I got this email from my good friend Corry who is a fellow student at SIT and doing her practicum with the Mexico Solidarity Network. Please read her message and if you have any ideas for her feel free to email her at corry@mexicosolidarity.org.
“The Mexico Solidarity Network presents its speaking tour Communities Confronting Globalization with the Zapatista Human Rights organization, Red de Defensores from Chiapas, Mexico. We are going to be at SIT this month, but we are coming back to the New England area late Feb. early March. I'm looking for any contacts for school/church/community/ University Groups who might be interested in hosting an event in MA, VT, NH, ME and Montreal. Please let me know if you or anyone you know might be interested in hosting an event.
Thank you,
Corry Banton
corry@mexicosolidarity.org
www.mexicosolidarity.org
Communities Confronting Globalization
New England and Eastern Canada: February 26- March 9, 2007
Since the Zapatista uprising began on January 1, 1994, (the first day NAFTA went into effect) the Mexican military and paramilitaries have waged a counter insurgency war against Zapatista communities. Thirteen years after the uprising, human rights abuses continue and the entire state of Chiapas is heavily militarized. The Mexico Solidarity Network presents a speaker from the Red de Defensores Comunitarios por los Derechos Humanos (Community Human Rights Defenders Network) to discuss the impact of this “low-intensity” warfare, and what is being done on the ground to resist.

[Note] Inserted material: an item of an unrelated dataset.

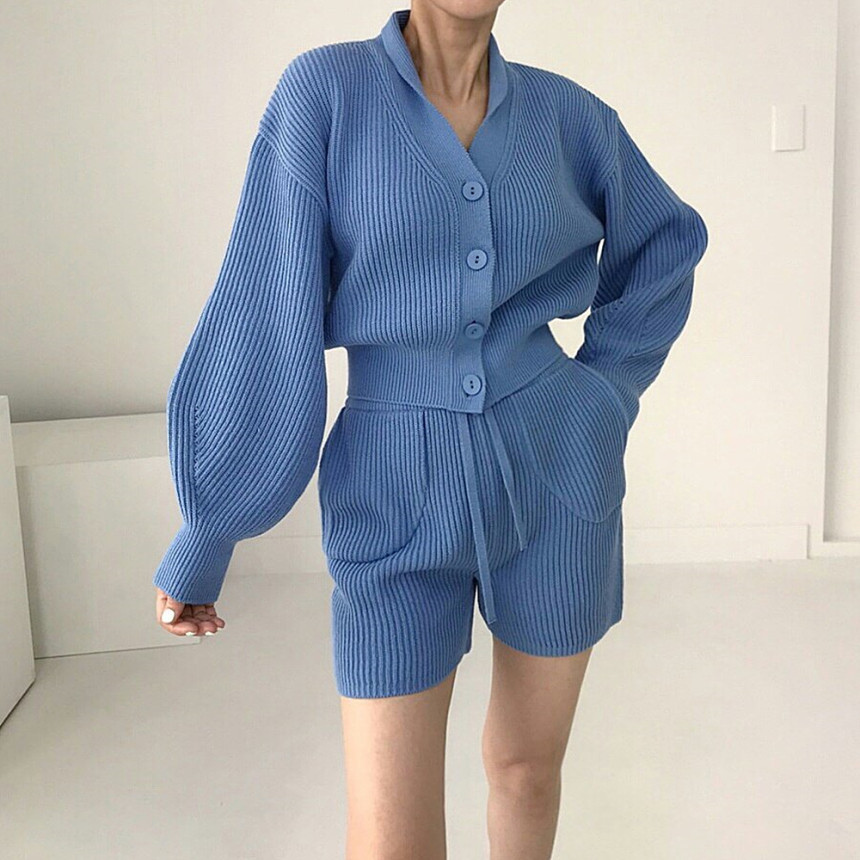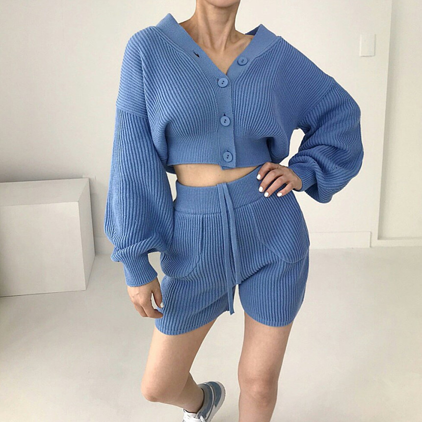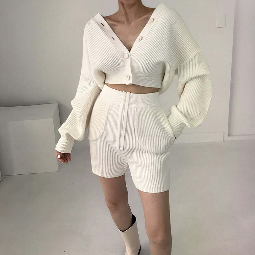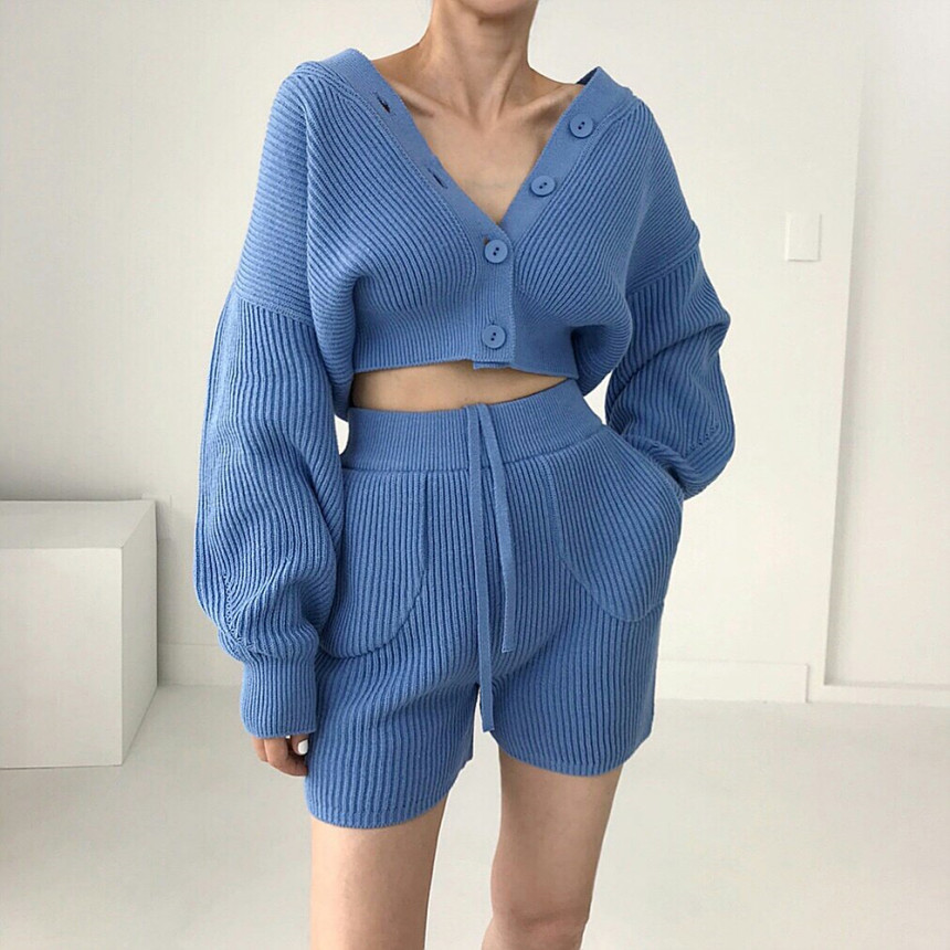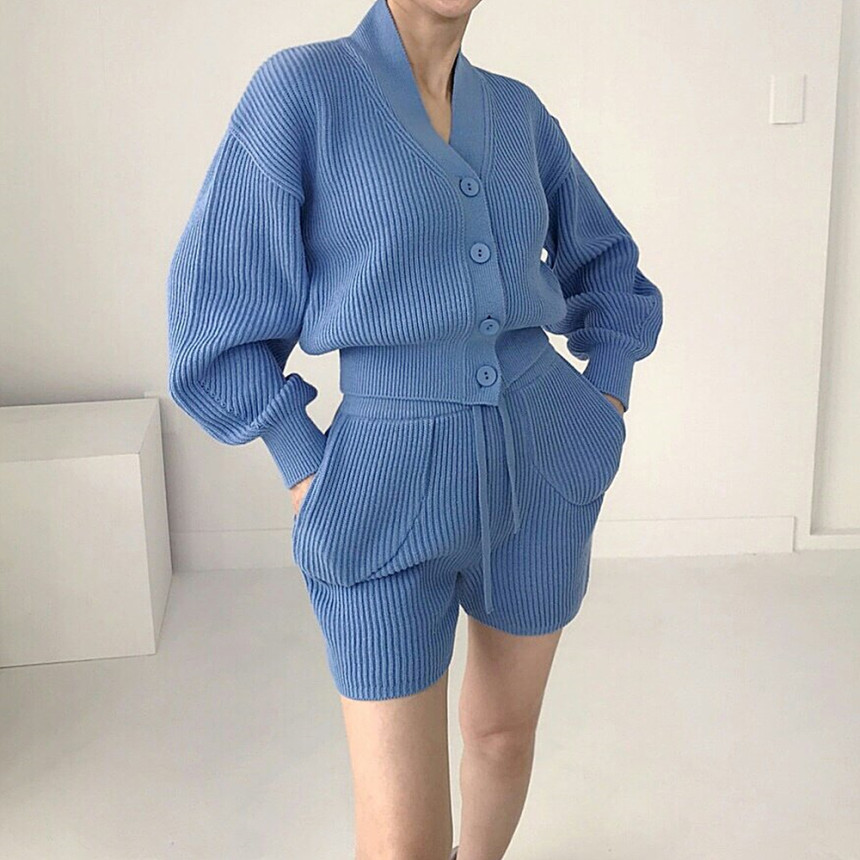 V-neck Knitted Cardigan High Waist Casual Shorts Suit

The Red de Defensores is a network of indigenous human rights observers from Zapatista communities in Chiapas, Mexico. The Red, founded in May 2000, is a non-governmental organization dedicated to the promotion and defense of human rights. The Red developed an alternative model of human rights work in which community members who suffer human rights abuses at the hands of the army, paramilitaries, and the federal government assume control of their own defense. Self-determination and autonomy are the guiding principles of the Red de Defensores. The Red is currently made up of 25 community indigenous defenders from eight regions. In each case, the community chose their representative to the Red in a traditional process that assigns “cargos” (tasks) to highly respected members of the community. All of the defensores live in threatened communities that have a history of suffering from human rights abuses.
The representative from the Red de Defensores will:
- Discuss threats to indigenous communities, such as NAFTA, Plan Puebla Panama, and the agricultural crisis in Mexico.
- Discuss human rights abuses in Mexico, their relationship to globalization, and how indigenous communities are working to end the abuses and impunity.
-Promote a sustainable model of international trade based on economic justice.
- Discuss the leadership of women in fair trade cooperatives.”